Soil Type: Chalky Boulder Clay

Key Statistics

Total annual carbon emissions 1,150 tonnes CO₂e Total annual carbon sequestration 454 tonnes CO₂ Total carbon balance (emissions) 696 tonnes CO₂e Emissions per hectare 1.08 tonnes CO₂e Emissions per tonne of product 0.45 tonnes CO₂e. 

Note: CO₂ stands for Carbon Dioxide, CO₂e stands for carbon dioxide equivalence – i.e. other greenhouse gases are included, but converted to a standard unit to  represent the global warming impact of carbon dioxide

Emissions Sources

Total carbon emissions amounted to 1,150 tonnes CO₂e.  

The main sources of emissions came from Fuels (33.5%) – mostly diesel use, and Fertility (54%) –  including nitrous oxide emissions from crop residues and green manures. 

Fuels 

This mostly came from diesel use in tractors and combines (29%). There is also diesel used in  road vehicles for the farm business. This is to be expected in a mechanised arable system. 

Electricity on the farm amounted to 4% of total emission, mostly used for grain drying. It’s also  worth noting that a 50kW array of solar PV panels exports around electricity offsetting 16 tonnes of  CO₂, as well as providing some ‘free’ electricity to the farm. 

Materials 

It’s worth noting that materials used on the farm, including wood, water, metal, paper and tyres  amounted to just 0.1% of total emissions.  

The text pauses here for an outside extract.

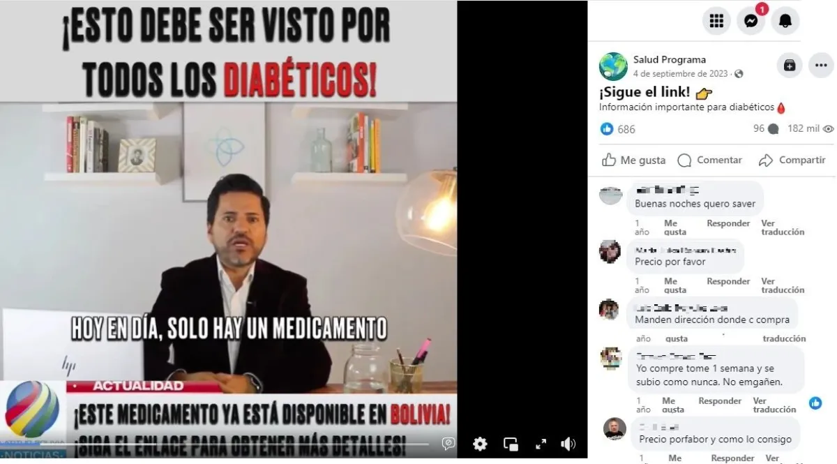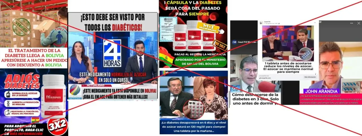 Los fármacos falsos no solo son contra la diabetes, también promocionan otros para problemas como la ceguera, dificultades con la próstata o articulaciones y hasta infecciones por hongos. Estas páginas operan a través de Facebook, invirtiendo en publicidad dirigida a múltiples países. El alcance de estas estafas es vasto, y la red de engaños no se detiene en fronteras: lo que comienza en Bolivia puede replicarse en cualquier parte del mundo.

Nonetheless it is worth recording these items because embodied energy in concrete and steel in  particular can have large carbon impacts on large projects – for instance a new barn, shed or farm  roads. 

Capital Items 

As mentioned above, there is a lot of embodied energy in steel, which is exposed in calculating the  impact of farm machinery. In the Farm Carbon Calculator, any machine under 10 years old is  accounted for, and depreciated over 10 years.  

The manufacture of tractors and telehandlers on this farm amount to 3.7% of total emissions.  However if these were all bought in one year and accounted for in one year (not depreciated over  ten) then the impact would be 37% of total emissions.  

Fertility 

Nitrous oxide emissions from crop residues of arable crops (beans, peas, wheat and oats)  contribute to a large percentage of total emissions at 29%. This is due to nitrogen in the crop  residue being oxidised in the soil and being released as nitrous oxide.  

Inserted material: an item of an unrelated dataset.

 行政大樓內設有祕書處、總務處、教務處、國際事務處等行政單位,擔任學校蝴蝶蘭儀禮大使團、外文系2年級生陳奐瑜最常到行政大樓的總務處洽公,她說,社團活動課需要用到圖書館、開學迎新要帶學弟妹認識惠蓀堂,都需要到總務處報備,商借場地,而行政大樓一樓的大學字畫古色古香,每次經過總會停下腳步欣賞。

Leguminous green manures (red clover) contribute a further 17% of emissions through nitrous  oxide released during nitrogen fixation. This appears to be a very negative attribute of green  manures, however they can also contribute to a substantial increase in organic matter levels, which  sequesters atmospheric carbon. In effect this at least ‘balances out’ the nitrous oxide emissions. 

Also worth mentioning is the 2.8% of emissions from the application of rock phosphate. 

Livestock 

The farm has a herd of 250 sheep, which contribute 6.6% of emissions from methane through the  process of enteric fermentation (common to all bovines). 

Distribution 

Transport of arable crops to a local mill accounts for 1.3% of emissions. Whilst this is not delivered  to the final customer it demonstrates that ‘food miles’ can be only a small part of the issues relating  to climate change and food. 

Sequestration Sources 

Carbon is sequestered in perennial biomass and soils on farms. On this farm 60% of carbon is  sequestered in woodlands, whilst permanent field margins (21%) and hedges (18%) are the  other main carbon sinks. 

The total carbon sequestered on the farm (454 tonnes of CO₂) offsets 40% of all carbon emitted by  the farm business. 

Note that soil organic matter levels have not been sampled – see discussion below. 

Notes 

The major omission to this calculation, due to lack of data, is that soil organic matter levels have  not been measured. See below for discussion of this issue. A comprehensive calculation of materials used (e.g. wood, steel, concrete, etc.) was not undertaken  due to time limitations. However this was not expected to be a significant source of emissions as a  percentage of total farm emissions. An analysis of embodied energy in farm buildings was not carried out, also due to time limitations.  This would be worth looking at in future calculations, but it is not considered that emissions from  embodied energy in buildings would skew the figures dramatically.  

Discussion 

In organic systems a major aim is to cultivate soils in a manner that builds fertility continuously.  This should go hand in hand with raising organic matter levels, which also means atmospheric  carbon is being sequestered in the soil. 

For example a 0.1% increase in SOM on clay soils, per hectare per year, can sequester nearly 7  tonnes of CO₂. If this applied to the whole of Shimpling Park Farm then the annual carbon  sequestration from soil alone would amount to almost 4500 tonnes of CO₂, four times greater  than total carbon emissions! 

Is this achievable? In the Soil Association paper Soil Carbon and Organic Farming (2009) a  comprehensive analysis of studies is made that examines soil organic matter (SOM) levels in  farming systems across the world. There was a huge range of results in temperate organic arable  systems, from SOM increases of 0.5% per year through to annual SOM losses. However it  confirmed that annual SOM gains of 0.1% are perfectly achievable. 

Even if annual SOM gains were just 0.025% then on this farm the carbon sequestration in soil  would equal all the carbon emissions from the business. Add to this the sequestration from  biomass and the farm would have net carbon sequestration.